- **What is required**
Leaving out every picture, quote the data below exactly as it appears.

Stored entries
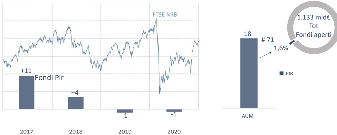
Figura 1. Fondi aperti PIR compliant . Patrimonio gestito e raccolta netta. Miliardi di euro, 2017-2020.

L'impatto dei PIR sui segmenti di mercato azionario meno capitalizzati è stato più che positivo: a fine 2020, le partecipazioni detenute dai piani di risparmio rappresentano il 10% del flottante del segmento AIM e il 9% dei segmenti Small Cap e Mid Cap. In termini assoluti le risorse ammontano a quasi 4,5 miliardi.
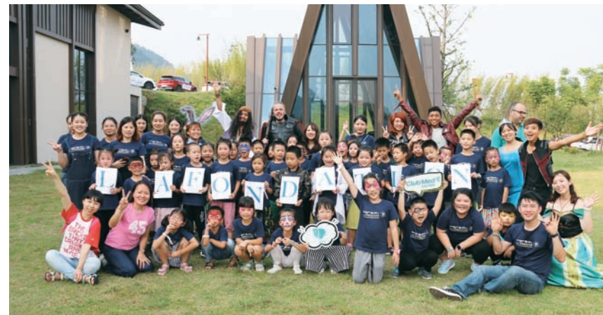
基金会成员、志愿者们与孩子们在活动后的合影
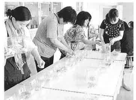
クラス委員会 ベルマーク活動 (6/21) (7/14)
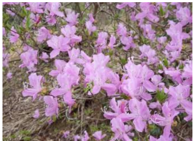
コバノミツバツツジの花(その2)
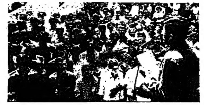
احد الخطباء يلقى كلمة في مهرجان المنظمات الشعبية بجامعة دمشق

تمريض لخدام - تنمة دمشق : وسئل الوزير خدام عن احتمال عقد اجناع في المستقبل بين الرئيس حافظ الابد وكينسجر وزير الخارجية الفرنسي ، فاجاب : ان جميع الخلق مسدودة وفي السيد خدام وجود استعدادات حالية لعقد اجناع بين الرئيسين السيد خدام والسيد كينسجر ، ان هذا الموضوع لم يرد في الوقت الحاضر ، وفي ايها ان يكون قد بحث مع المسؤولين الكوريين مسألة عقد مؤتمر قمة عربي ، وواضح ان سوريا تود عقد اجناع قمة يكون هدفه منع استسماج جبهة المراهقة مع العدو .
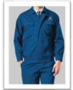
Đồng phục kỹ sư, KTV
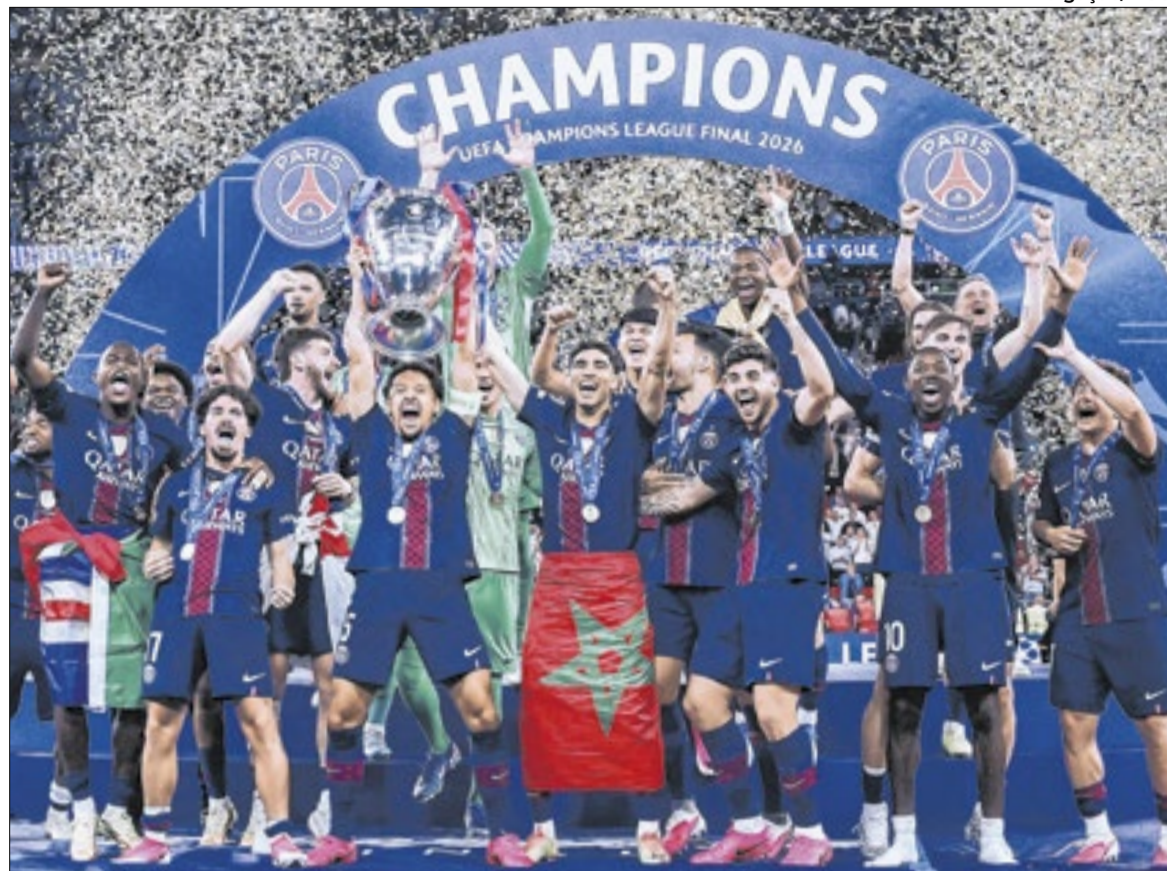
PSG bateu o Arsenal na final e conquistou o bicampeonato consecutivo da Champions

O time londrino abriu o marcador em um lance que misturou azar do brasileiro Marquinhos e oportu-
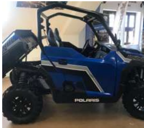
General 1000 Turbo
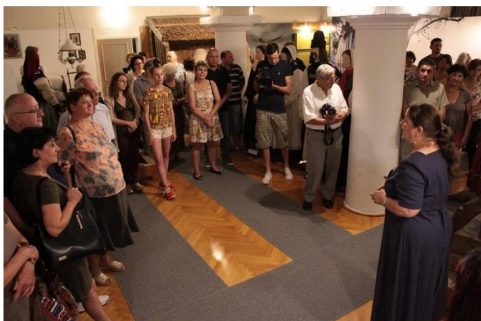
„Párlatvezetés” a Jász Múzeum állandó kiállításában
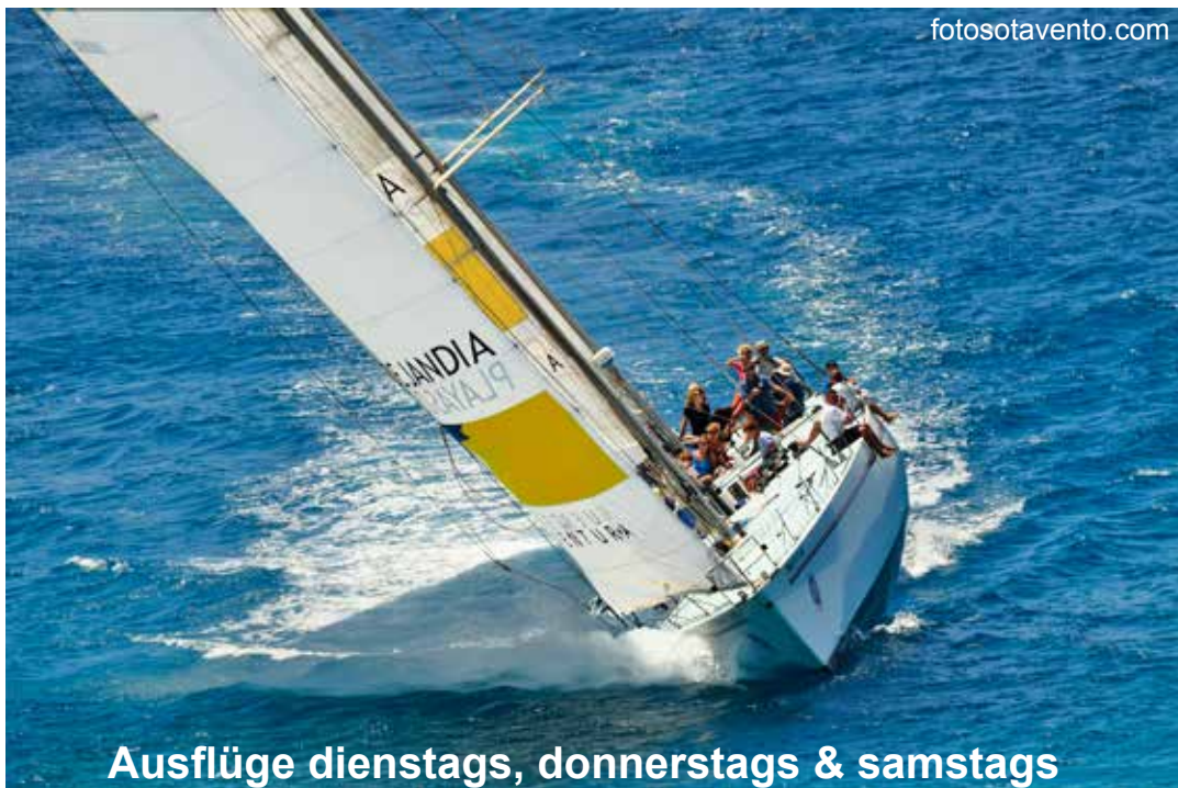
Ausflüge dienstags, donnerstags & samstags

Die rund 3h-stündige Fahrt auf der „Fisher & Paykel“ ist für jeden Segler ein intensives und unvergessliches Erlebnis. Nirgendwo sonst auf der Welt gibt es die Möglichkeit, auf einer der legendären Whitbread-Maxiyachten mitzusegeln, weshalb dieser Segelausflug wohl zu den exklusivsten Aktivitäten gehört, die man auf Fuerteventura machen kann.
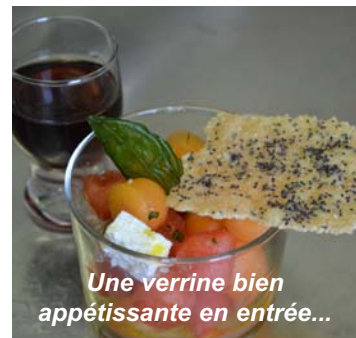
Une verrine bien appétissante en entrée...
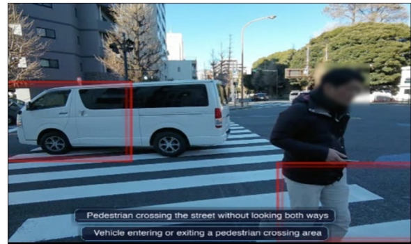
図 3.2. AR グラスの画面
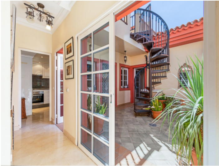
Zugang zur Terrasse
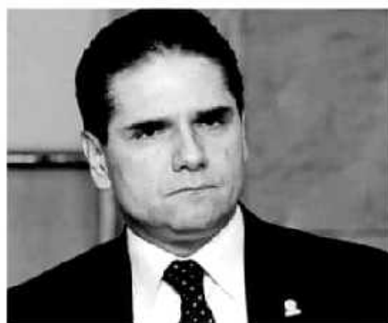
MORELIA, MICH.- Tras los hechos registrados la mañana de este jueves en el municipio de Uruapan, el gobernador Silvano Aureoles esgrimió que en coordinación con la federación y municipios no se permitirá que se imponga la violencia y la ilegalidad.

Cabe recordar que, la mañana de este jueves fueron localizados en Uruapan los cuerpos de 19 personas, seis de ellas colgadas desde un puente vehicular, tres dentro de bolsas de plástico y el resto desmenuzadas y sus restos esparcidos en el bulevar Industrial.

- **Result for this exercise**
Figura 1. Fondi aperti PIR compliant . Patrimonio gestito e raccolta netta. Miliardi di euro, 2017-2020.

L'impatto dei PIR sui segmenti di mercato azionario meno capitalizzati è stato più che positivo: a fine 2020, le partecipazioni detenute dai piani di risparmio rappresentano il 10% del flottante del segmento AIM e il 9% dei segmenti Small Cap e Mid Cap. In termini assoluti le risorse ammontano a quasi 4,5 miliardi.
基金会成员、志愿者们与孩子们在活动后的合影
クラス委員会 ベルマーク活動 (6/21) (7/14)
コバノミツバツツジの花(その2)
احد الخطباء يلقى كلمة في مهرجان المنظمات الشعبية بجامعة دمشق

تمريض لخدام - تنمة دمشق : وسئل الوزير خدام عن احتمال عقد اجناع في المستقبل بين الرئيس حافظ الابد وكينسجر وزير الخارجية الفرنسي ، فاجاب : ان جميع الخلق مسدودة وفي السيد خدام وجود استعدادات حالية لعقد اجناع بين الرئيسين السيد خدام والسيد كينسجر ، ان هذا الموضوع لم يرد في الوقت الحاضر ، وفي ايها ان يكون قد بحث مع المسؤولين الكوريين مسألة عقد مؤتمر قمة عربي ، وواضح ان سوريا تود عقد اجناع قمة يكون هدفه منع استسماج جبهة المراهقة مع العدو .
Đồng phục kỹ sư, KTV
PSG bateu o Arsenal na final e conquistou o bicampeonato consecutivo da Champions

O time londrino abriu o marcador em um lance que misturou azar do brasileiro Marquinhos e oportu-
General 1000 Turbo
„Párlatvezetés” a Jász Múzeum állandó kiállításában
Ausflüge dienstags, donnerstags & samstags

Die rund 3h-stündige Fahrt auf der „Fisher & Paykel“ ist für jeden Segler ein intensives und unvergessliches Erlebnis. Nirgendwo sonst auf der Welt gibt es die Möglichkeit, auf einer der legendären Whitbread-Maxiyachten mitzusegeln, weshalb dieser Segelausflug wohl zu den exklusivsten Aktivitäten gehört, die man auf Fuerteventura machen kann.
Une verrine bien appétissante en entrée...
図 3.2. AR グラスの画面
Zugang zur Terrasse
MORELIA, MICH.- Tras los hechos registrados la mañana de este jueves en el municipio de Uruapan, el gobernador Silvano Aureoles esgrimió que en coordinación con la federación y municipios no se permitirá que se imponga la violencia y la ilegalidad.

Cabe recordar que, la mañana de este jueves fueron localizados en Uruapan los cuerpos de 19 personas, seis de ellas colgadas desde un puente vehicular, tres dentro de bolsas de plástico y el resto desmenuzadas y sus restos esparcidos en el bulevar Industrial.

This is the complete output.